Everyone reading this post knows Mark and his blog are a source of incredible knowledge and a commitment to improving himself through new pathways.  If Mark wrote a book about EMS I would buy it.  If he had a radio show I would listen to it, but until those things happen (If he had a TV show I’d watch it) I will follow the media he uses to become a better Paramedic.  Right now that is his blog http://999medic.com, twitter @ukmedic999 and on facebook.  All media that is growing not only in popularity but usability and relevance to what we’re trying to do in the pre-hospital care fields.

I don’t expect every service in the world to be open to bloggers sharing patient care and contact stories, regardless of permissions, and the few that value the following some EMS bloggers have are doing so very carefully.

One of the things Mark and I hope to work on in the years to come is acceptance of new media and new ways to share information that still respects a patient’s privacy while allowing those doing the care to share insight and best practices in real time.

A unique airway solution is discovered in Australia, blogged about, read by an ECSW in England who passes it along to their Paramedic who posts a link to twitter where I read it. Suddenly a technique that 5 years ago would wait months to get considered for a trade journal has been seen by thousands of caregivers who are about to share it with their friends and co-workers, and all in minutes, not months.
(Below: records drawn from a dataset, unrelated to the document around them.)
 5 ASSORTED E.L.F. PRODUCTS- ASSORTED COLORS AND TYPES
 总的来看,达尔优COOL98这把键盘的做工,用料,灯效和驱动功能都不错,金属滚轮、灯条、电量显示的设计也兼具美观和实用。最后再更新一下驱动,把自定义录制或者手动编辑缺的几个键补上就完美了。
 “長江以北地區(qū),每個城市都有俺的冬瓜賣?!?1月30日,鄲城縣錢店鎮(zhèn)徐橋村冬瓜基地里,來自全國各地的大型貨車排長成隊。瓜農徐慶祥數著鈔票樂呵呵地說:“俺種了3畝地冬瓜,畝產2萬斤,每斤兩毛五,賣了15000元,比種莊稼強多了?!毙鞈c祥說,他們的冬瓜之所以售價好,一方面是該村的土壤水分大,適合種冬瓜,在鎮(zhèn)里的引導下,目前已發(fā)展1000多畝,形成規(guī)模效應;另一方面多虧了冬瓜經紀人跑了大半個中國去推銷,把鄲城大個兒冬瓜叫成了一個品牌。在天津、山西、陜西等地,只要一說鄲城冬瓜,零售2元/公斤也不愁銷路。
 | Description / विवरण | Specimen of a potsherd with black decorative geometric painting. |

After a morning of listening to the Pathways system work in the dispatch center, then seeing the openness of the Executives to concepts and treatments, I think Mark is in a good place with the North East Ambulance Service.

In Conclusion-

The NEAS provides a high quality service in a straightforward manner to a well informed population.  Powers rest with the Paramedic at the scene to determine transport, not the patient ahead of time like in my system.  Front loading and getting eyes on a patient is a reliable way to handle system resources and gauge response.
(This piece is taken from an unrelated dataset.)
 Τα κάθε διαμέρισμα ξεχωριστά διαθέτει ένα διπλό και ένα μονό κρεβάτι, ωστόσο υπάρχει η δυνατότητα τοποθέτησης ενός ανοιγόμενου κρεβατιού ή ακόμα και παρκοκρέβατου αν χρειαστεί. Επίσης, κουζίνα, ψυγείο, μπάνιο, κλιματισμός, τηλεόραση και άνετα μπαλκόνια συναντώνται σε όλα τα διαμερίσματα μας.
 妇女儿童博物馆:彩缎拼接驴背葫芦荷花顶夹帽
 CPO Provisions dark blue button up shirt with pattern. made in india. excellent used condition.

The service is not reliant on insurance companies reimbursing for the services rendered nor are their paramedics passing perfectly capable ERs to reach a certain carrier’s preferred spot.

Mark Glencorse was a gracious host and everyone I met from A&E tech to Chief Executive was welcoming and asked great questions about American systems and I did my best to represent all of us in a professional and knowledgeable fashion.

The food was great, the coffee we can work on in future visits.

Will the NEAS model work in San Francisco?  I won’t know until tomorrow when I get a tour of the Tyne and Wear Fire and Rescue Service by Station Manager Peter Mudie.  Fire readers, this is the post you’ve been waiting for.  But like most of what we do, EMS comes first and accounts for 80-90% of what we do.  Why should my UK story be any different?